Jucu (; ) is a commune in Cluj County, Transylvania, Romania. It is composed of five villages: Gădălin (Kötelend), Juc-Herghelie (Zsukiménes), Jucu de Mijloc (Nemeszsuk), commune centre Jucu de Sus (Felsőzsuk), and Vișea (Visa).

Economy
In 2007, Nokia started a €200 million investment in Jucu, building a cellphone factory that had 4000 employees. It had begun production in 2008, but the factory closed in 2011.

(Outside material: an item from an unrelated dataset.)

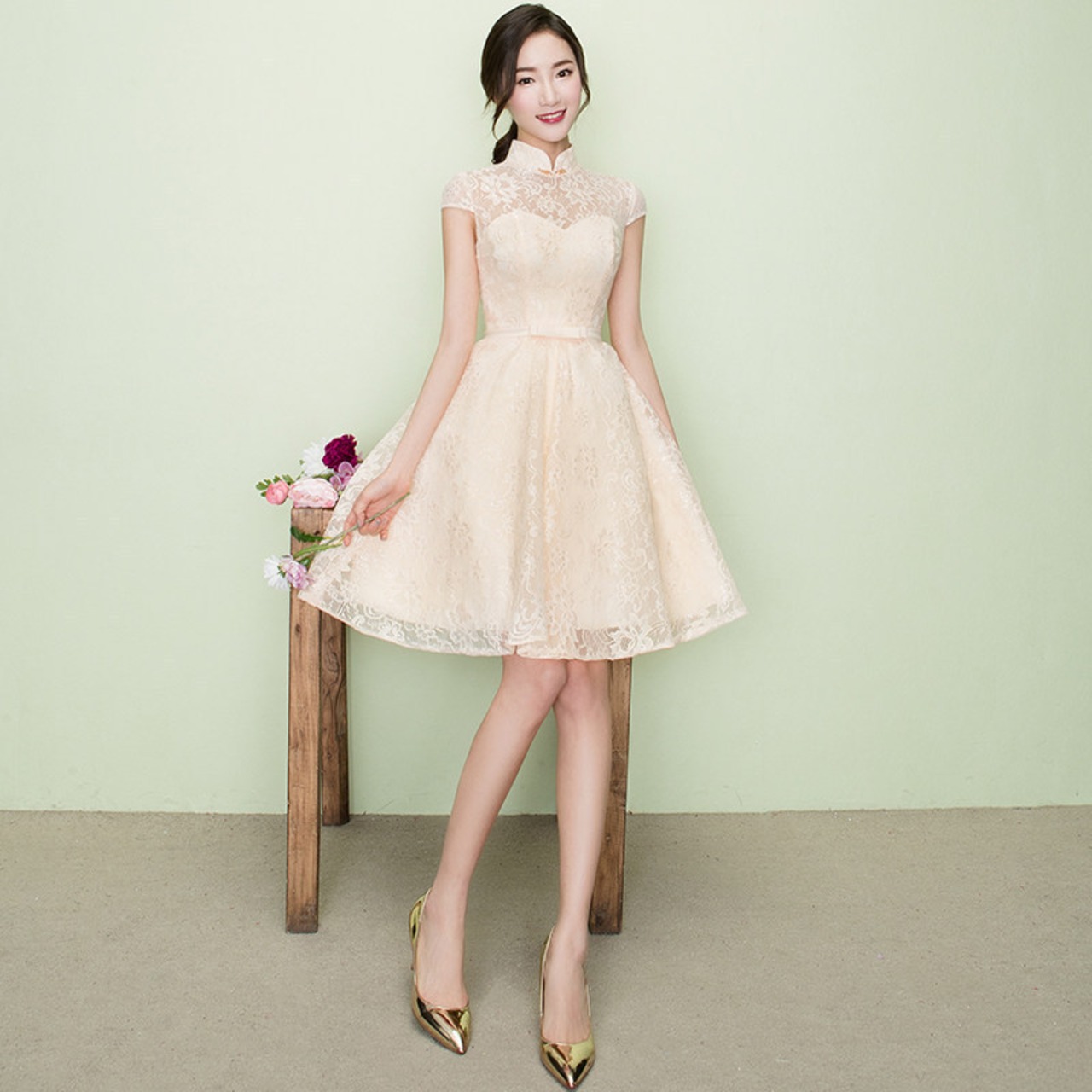 ☆SALE☆ シャンパン 透けレースパーティードレス 半袖 膝丈 結婚式
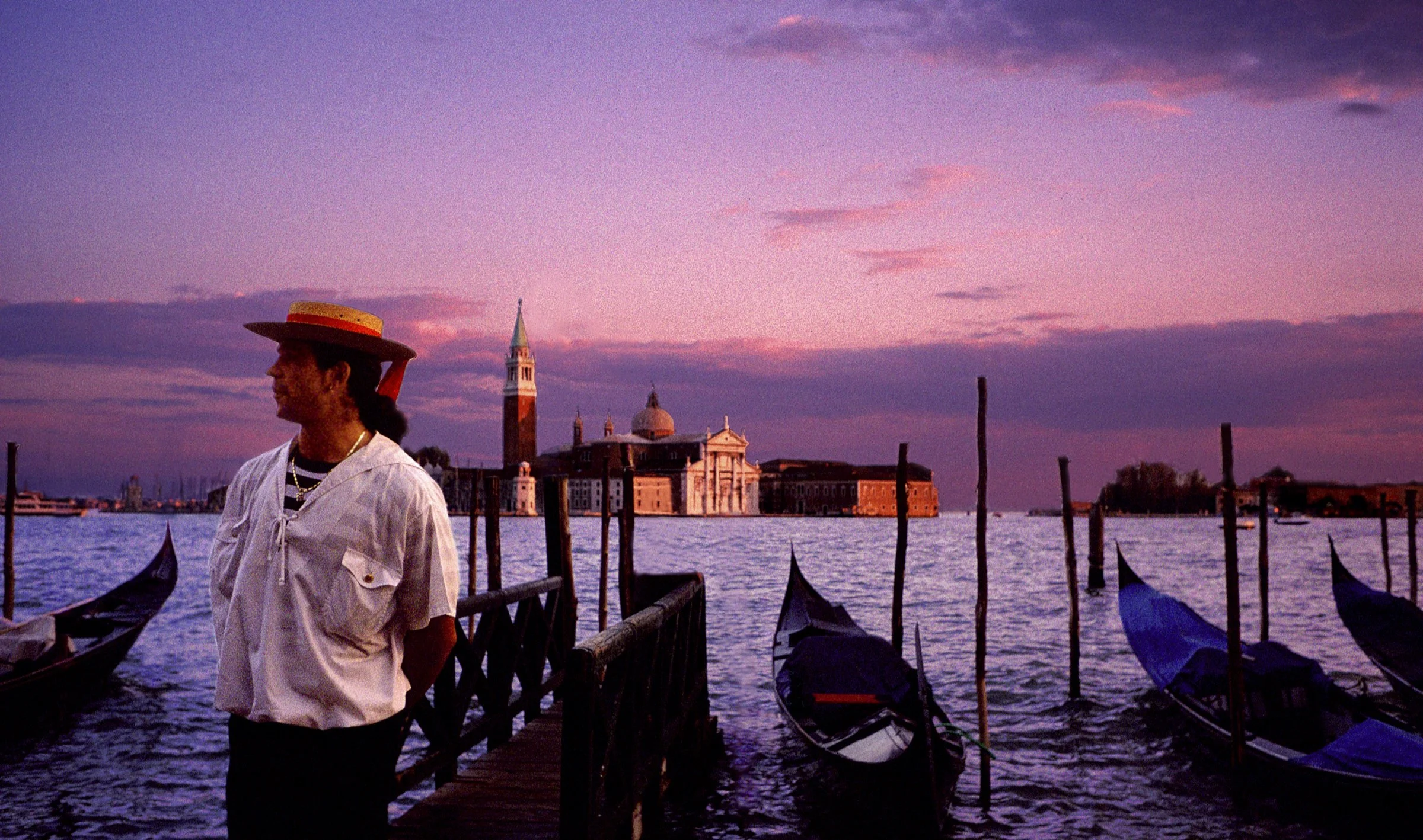 Gondolier standing on a dock with gondolas in Venice, Italy at sunset. San Giorgio Maggiore island and church in the background.

German car components manufacturer Bosch also opened a factory in Jucu and a centre dedicated for training students in the dual educational system.

Population
According to the census from 2011 there was a total population of 4,270 people living in Jucu. Of this population, 84.26% were ethnic Romanians and 11.62% were ethnic Hungarians.

Buildings and administration
High-power broadcasting station: 3 masts 165 metres tall. The station broadcasts on 909 kHz with 200 kW and 1152 kHz with 950 kW.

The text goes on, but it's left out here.